基于二酮吡咯啉的聚合物（DPPT-TT）具有优异的离态击穿性能，已被用于有机功率场效应晶体管。有机半导体层厚度对击穿性能的影响尚未得到探讨。在本研究中，我们通过制造具有不同 DPPT-TT 层厚度的有机场效应晶体管 (OFET)，研究了 DPPT-TT 层厚度对击穿电压 (BV) 的影响。我们的研究结果表明，器件的击穿电压是 DPPT-TT 层厚度的强函数，将 DPPT-TT 层厚度从 68 纳米减至 15 纳米会导致击穿电压从 291 V 降至 86 V，这归因于二维（2D）电场拥挤效应。
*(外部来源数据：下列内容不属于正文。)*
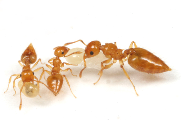 見た目はキイロシリアゲアリに似ていますが、女王がかなり小さい。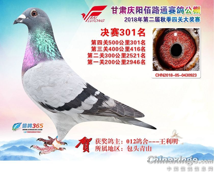 甘肃庆阳佰路通赛鸽公棚2018年获奖鸽301-330名
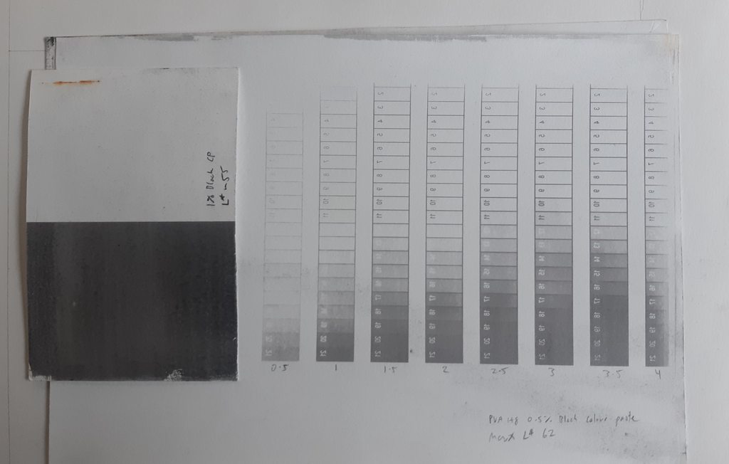 • Using Calvin's black colour paste in my emulsion rather than india ink or dry lampblack pigment
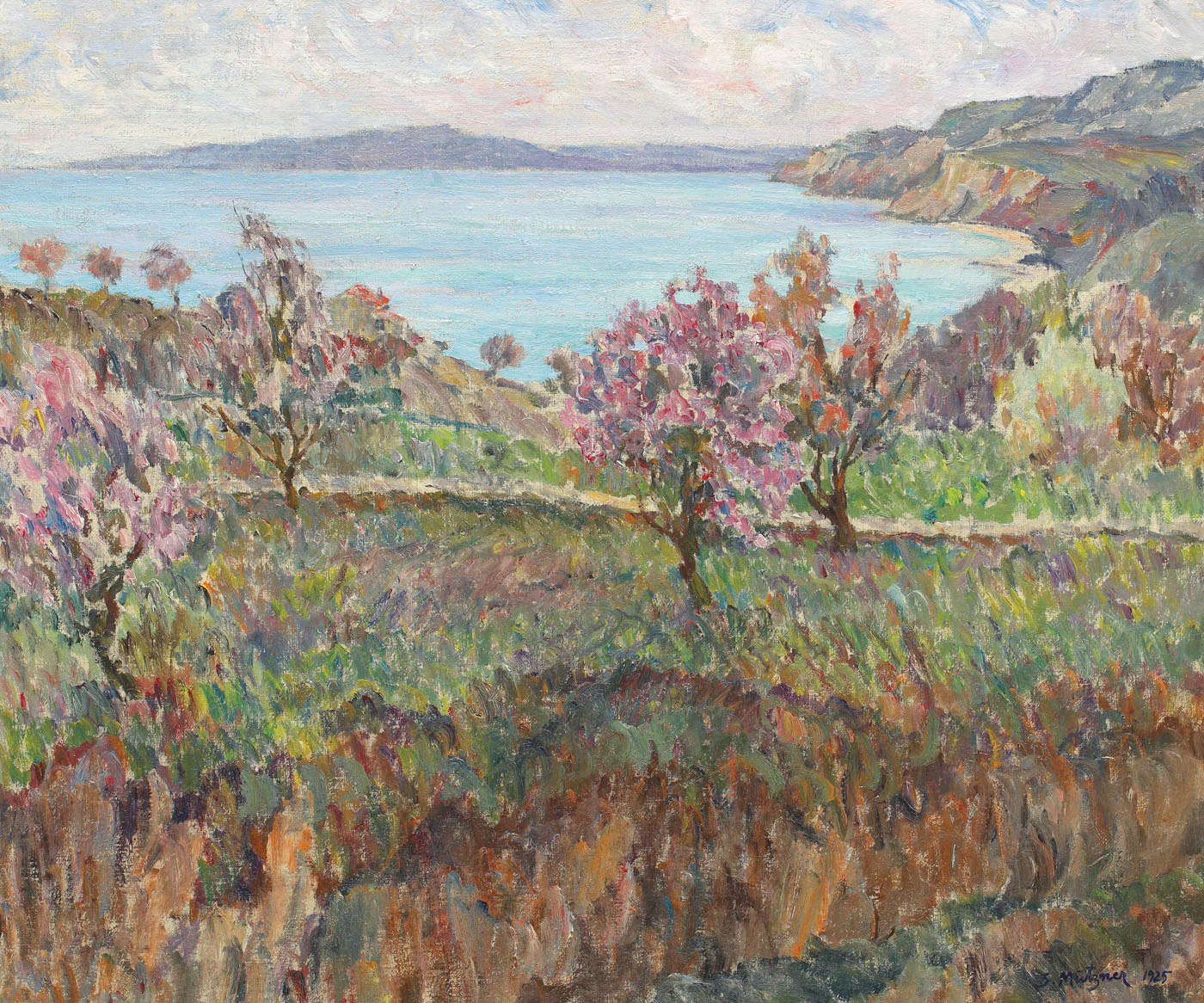 Samuel Mützner, în corpul călătoriilor realizate pe parcursul întregii cariere, a reușit să ofere Balcicului un loc însemnat în imaginarul creației sale. Perioada interbelică este evident cea în care orașul din extremul sud-estic al României devenea și pentru soții Mutzner o destinație ideală, unde de altfel aveau și o casă de vară. Fiind unul dintre vârfurile impresionismului românesc, Mutzner era conectat la atmosfera tipică Balcicului, fapt ușor de probat prin recurența peisagistică locală. În “Primăvara la Balcic” artistul a surprins nota definitorie a Balcicului, respectiv peisajul arid ce se rostogolește peste dealurile inundate de lumină. Compoziţia rămâne fidelă soluţiilor cromatice ale impresionismului, cerute de altfel şi de mediul natural de la Balcic, în care lumina joacă un rol important în structurarea întregului, fiind totodată şi un mijloc de construire a planurilor. Jocul scenic este utilizat de Mutzner cu ajutorul unei perspective adecvate planului figurativ, dar și prin tonurile ce alternează între fundalul înecat în lumină și prim-planul nuanțat. Opera de față poate fi integrată ușor într-o porțiune estetică anume – alături de “Balcic primăvara” (M.N.A.R.), “Peisaj din Dobrogea” (Muzeul Zambaccian) sau “Timp ploios la Balcic” (M.N.A.R.) (vezi “Samuel Mutzner”, Viorica Andreescu, Ed. Meridiane, București, 1974) – în care putem remarca reformulările picturale pe care pictorul le execută în cadrul discuției formă – culoare. (I.P.)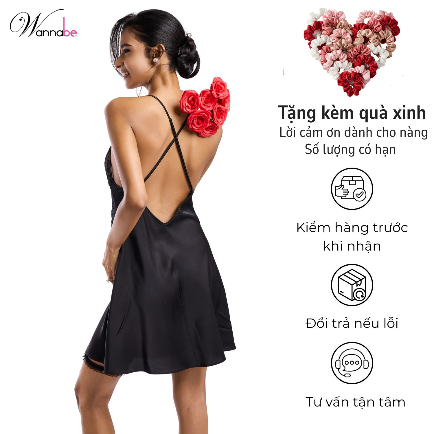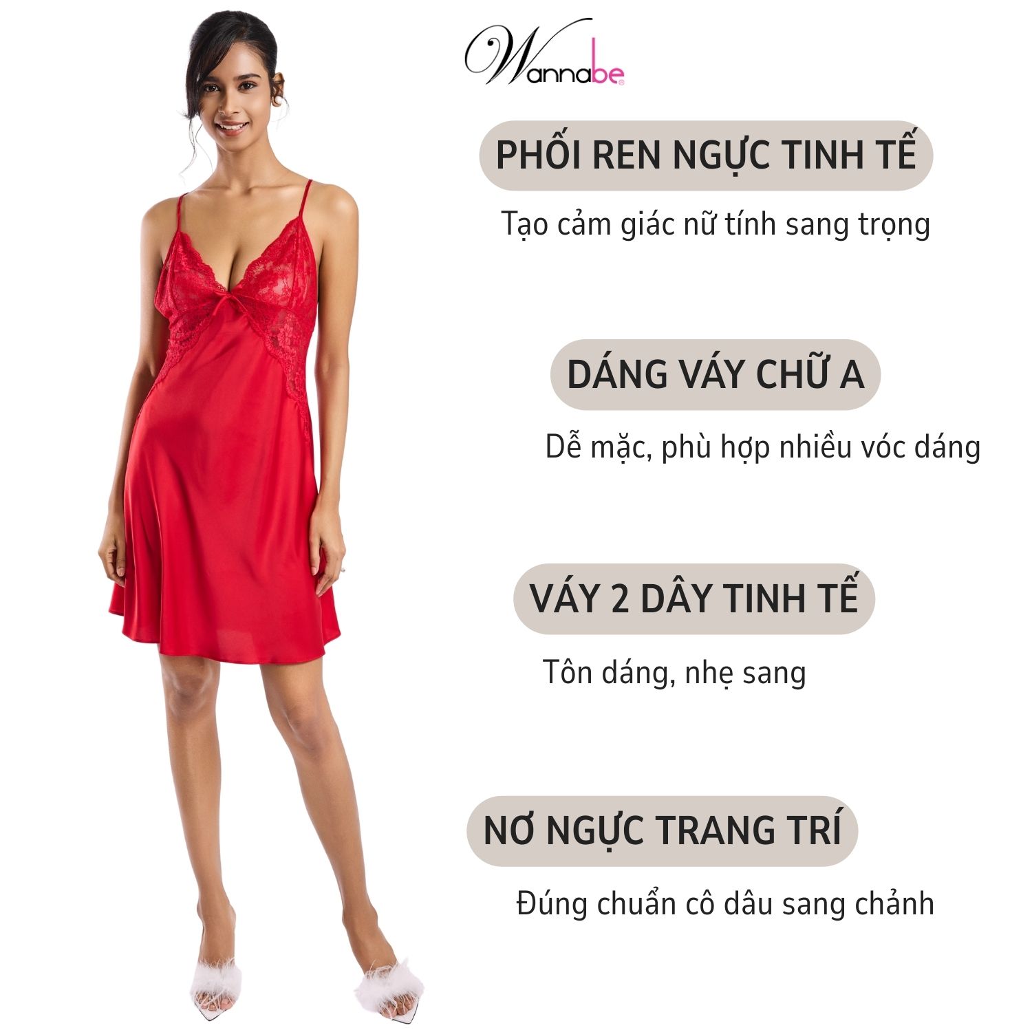 Chiếc váy ngủ lụa Latin phối ren cao cấp của Wannabe được thiết kế dành riêng cho những khoảnh khắc đặc biệt như đêm tân hôn, bridal night, honeymoon. Kiểu dáng nữ tính kết hợp chất liệu sang trọng giúp tôn lên vẻ gợi cảm tinh tế, phù hợp cho cô dâu và những ai yêu thích phong cách váy ngủ cao cấp.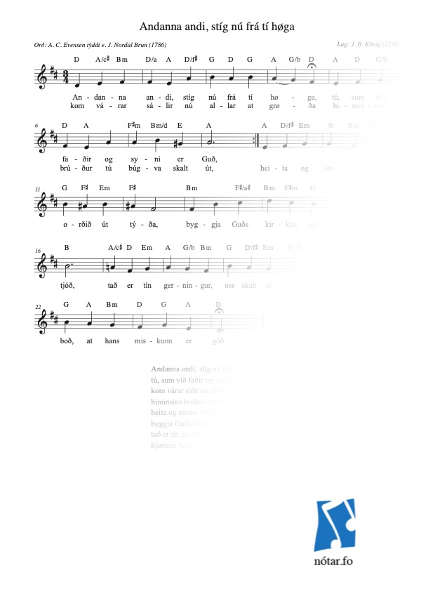 Andanna andi, stíg nú frá tí høga quantity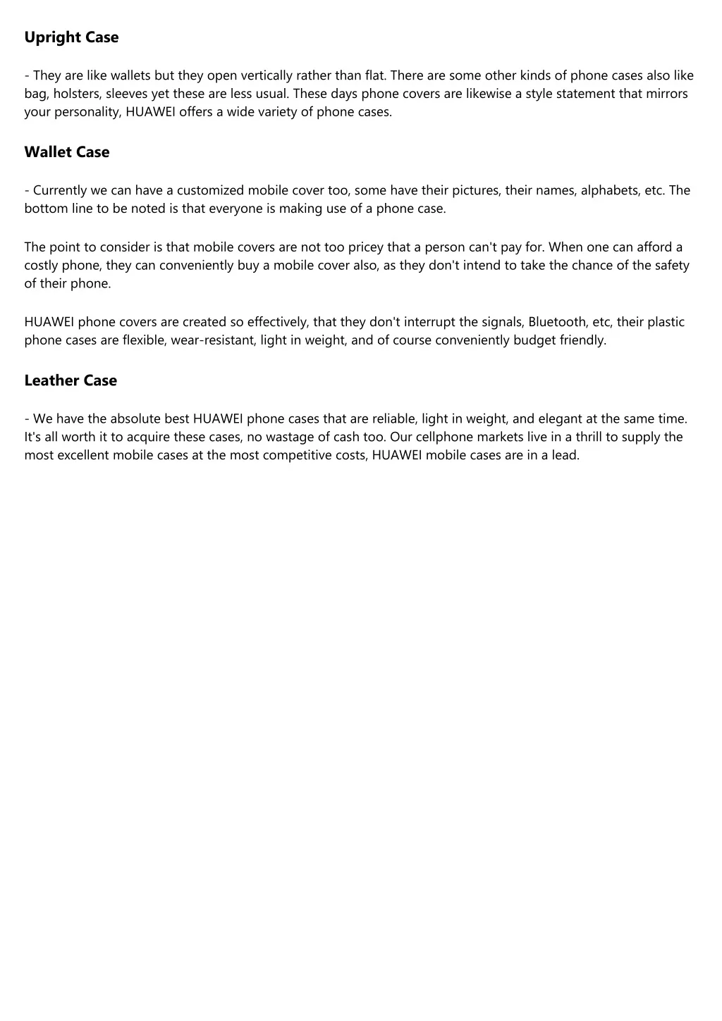 Upright Case - They are like wallets but they open vertically rather than flat. There are some other kinds of phone cases also like bag, holsters, sleeves yet these are less usual. These days phone covers are likewise a style statement that mirrors your personality, HUAWEI offers a wide variety of phone cases. Wallet Case - Currently we can have a customized mobile cover too, some have their pictures, their names, alphabets, etc. The bottom line to be noted is that everyone is making use of a phone case. The point to consider is that mobile covers are not too pricey that a person can't pay for. When one can afford a costly phone, they can conveniently buy a mobile cover also, as they don't intend to take the chance of the safety of their phone. HUAWEI phone covers are created so effectively, that they don't interrupt the signals, Bluetooth, etc, their plastic phone cases are flexible, wear-resistant, light in weight, and of course conveniently budget friendly. Leather Case - We have the absolute best HUAWEI phone cases that are reliable, light in weight, and elegant at the same time. It's all worth it to acquire these cases, no wastage of cash too. Our cellphone markets live in a thrill to supply the most excellent mobile cases at the most competitive costs, HUAWEI mobile cases are in a lead.

利用二维泊松方程建立的分析模型揭示了 DPPT-TT 层表面的电场。较薄的 DPPT-TT 层显示出较大的电场峰值，导致漏极附近过早击穿。通过将实验数据与模型拟合，建立了击穿电场与 DPPT-TT 层厚度之间的关系，发现平均 BV 误差仅为 8.8%。通过基于 DPPT-TT 和 P3HT 的器件，验证了这种现象在聚合物基 OFET 中普遍存在。根据所提出的模型，可以通过调整介电层厚度（tD）和/或介电材料来减轻这种二维电场拥挤效应。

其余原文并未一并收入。